What is a Gospel-Centered Sunday Gathering?
When I was in the 10th grade I was in a play called Thurber’s Carnival. I had only one line, and in spite of rehearsing that one line over and over again, I still barely managed to say it. If you asked me today, I wouldn’t be able to tell you my line in spite of rehearsing for several months. In the same way, I forget the gospel. Of course I don’t forget the basic truth of the gospel that Jesus died for my sin, but I do forget the gospel in many, many other ways.
- I forget the gospel when on a scale of 1-10 (10 high) I believe that God loves me less than a 10 because I fail at a consistent devotional life, and I forget that God’s acceptance of me is not based on my devotion to Him, but on Jesus’ devotion to obey the Father, even to die on the cross.
- I forget the gospel when I feel I need to make up my shortcomings to God, and I don’t remember that Jesus gives me his perfect record as my own.
- I forget the gospel when I feel crushed that my church isn’t as big as the church down the street, and I forget that God doesn’t measure me by the size of the church but by the success of Christ’s finished work for me.

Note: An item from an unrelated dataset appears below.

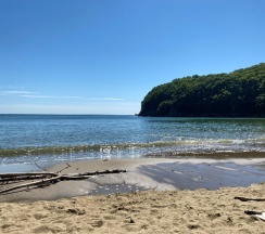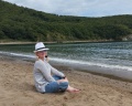 До моря минут восемь спускаться вниз, бухта небольшая (мыс Лисий) пляж - мелкий песок, дно песчаное, вода чистая

- I forget the gospel when I feel bitter toward people who have offended me and owe me an apology that’s never coming, and I forget that every selfish, sinful act of mine is a deep offense against God. Yet, he forgives me not because I was the most sorrowful, but because He is the most graceful.
- I forget the gospel when I look to success, approval, sensuality, food, etc. to satisfy me, and I forget that God has given me the only thing that can truly satisfy me – Himself.
- I forget the gospel when I present my “resume” to God and others so they will like me, and I forget that the only resume that counts is Jesus’, and He puts my name on His resume.
Because of this “gospel amnesia”, it is crucial that our Sunday gatherings remind us again and again of the good news. Preaching the gospel every Sunday does this, but what about the other elements of the Sunday gathering such as singing, giving, greeting, and the sacraments? Do they have any part to play in reminding us of the gospel and all its implications? Here are some thoughts on how these elements serve to connect the gospel to the lives of the congregation, and how they help to heal gospel amnesia.
Songs with lyrics that speak to the main parts of the gospel story help us remember the gospel. That is, songs about God’s holiness, man’s guilt, God’s grace in Christ, and our gratitude and praise help the congregation rehearse the gospel that is so easily forgotten. This is why singing isn’t about experiencing something; we sing because we have experienced something - grace!
Baptism and Communion are tangible, physical, and visual expressions of God’s grace and when the sacraments are properly located in the gospel story, they show us as recipients of God’s specific, saving grace. This is why the sacraments are not a means of “re-dedication” or “getting right with God.” On the contrary, the sacraments remind us that we stand under the deluge of grace that washes away human striving for God’s acceptance.
Winsome, cheerful giving happens when we behold the extravagant, over-the-top gift we were given in Jesus. It’s a time when we express our faith in the riches of Christ and not in the material and temporal things that easily grip our hearts. Gospel generosity isn’t so we can get, we are generous because much has been given.
More than buying time for the band to strike the stage and for the pulpit to be set-up, greeting time has deep gospel implications. Typically, we greet one another with the basic disposition of “glad you’re here.” And this is right and true. But what if the congregation greeted one another with the disposition of “I know why you’re here.” That is, the only reason why we are here is because we are sinners saved by grace; you’re here for the same reason I’m here - the gospel. This is also true for unbelieving guests: I know why you’re here. Whether you know it or not, God is drawing you to Himself.
While much can be said here, preaching that exposes our fallenness and exposes our need for a Savior serves to put God’s grace in full view. Weekly delivery of the good news of Jesus Christ rescues us from the natural drift toward self-justification; it reminds us that God doesn’t guarantee our best life now, but he does guarantee our best life later; it smashes and expels the misguided faith we put in people and things for our source of meaning, love, purpose, security, etc.; it tells us that Jesus’ righteousness is ours and now we are free to truly love God and love our neighbors.